Limit, cease, or prohibit sediment discard during aggregate extraction
Overall effectiveness category No evidence found (no assessment)
Number of studies: 0
Background information and definitions
'Aggregates’ is the collective term for sand, gravel and crushed rock. They are used as raw materials for the construction industry as well as for beach replenishment schemes. During aggregate extraction, the unwanted part of the sediment is discarded back into the water or onto the seabed. Consequently, changes occur to the size of sediment particles, which can alter the natural seabed and the invertebrates living on or inside it, but additionally this discarded sediment portion can also directly physically impact invertebrates, for instance through smothering (De Groot 1996). Limiting, ceasing or prohibiting the discard of sediment during aggregate extraction can potentially reduce the amount of alteration to seabed sediment properties, and also avoid smothering of invertebrates. This may facilitate recovery following cessation of activities post-extraction (Cooper 2013). Additional evidence for intervention related to sediment discard during aggregate extraction and other activities are summarised under “Threat: Energy production and mining – Remove discarded sediment material from the seabed following cessation of aggregate extraction”, and “Set limits for change in sediment particle size during rock dump”.

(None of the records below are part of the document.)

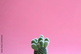 Green cactus plant on pink pastel color background.Trendy tropical mood and tone.Fashion minimal art and Creative style concept.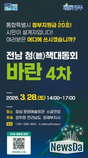 뉴스다 최광묵 기자 | 전라남도는 오는 28일 오후 2시부터 장성 문화예술회관에서 전남 청책대동회 바란을 개최, 전남광주통합특별시 출범과 함께 정부가 약속한 20조 원의 재정 활용 방안을 시도민과 함께 논의할 예정이다.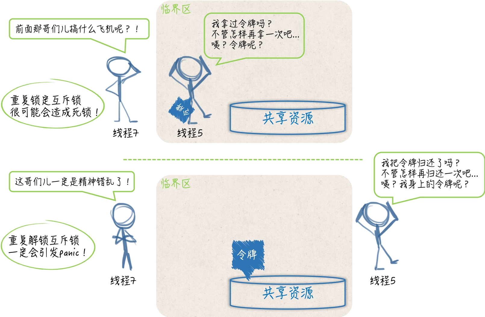 因为在一个 goroutine 执行的流程中,可能会出现诸如“锁定、解锁、再锁定、再解锁”的操作,所以如果我们忘记了中间的解锁操作,那就一定会造成重复锁定。

Cooper K.M. (2013) Setting limits for acceptable change in sediment particle size composition: Testing a new approach to managing marine aggregate dredging. Marine Pollution Bulletin, 73, 86–97.
Cooper K., Ware S., Vanstaen K. & Barry J. (2011) Gravel seeding - A suitable technique for restoring the seabed following marine aggregate dredging? Estuarine, Coastal and Shelf Science, 91, 121–132.
De Groot S.J. (1996). The physical impact of marine aggregate extraction in the North Sea. ICES Journal of Marine Science, 53, 1051–1053.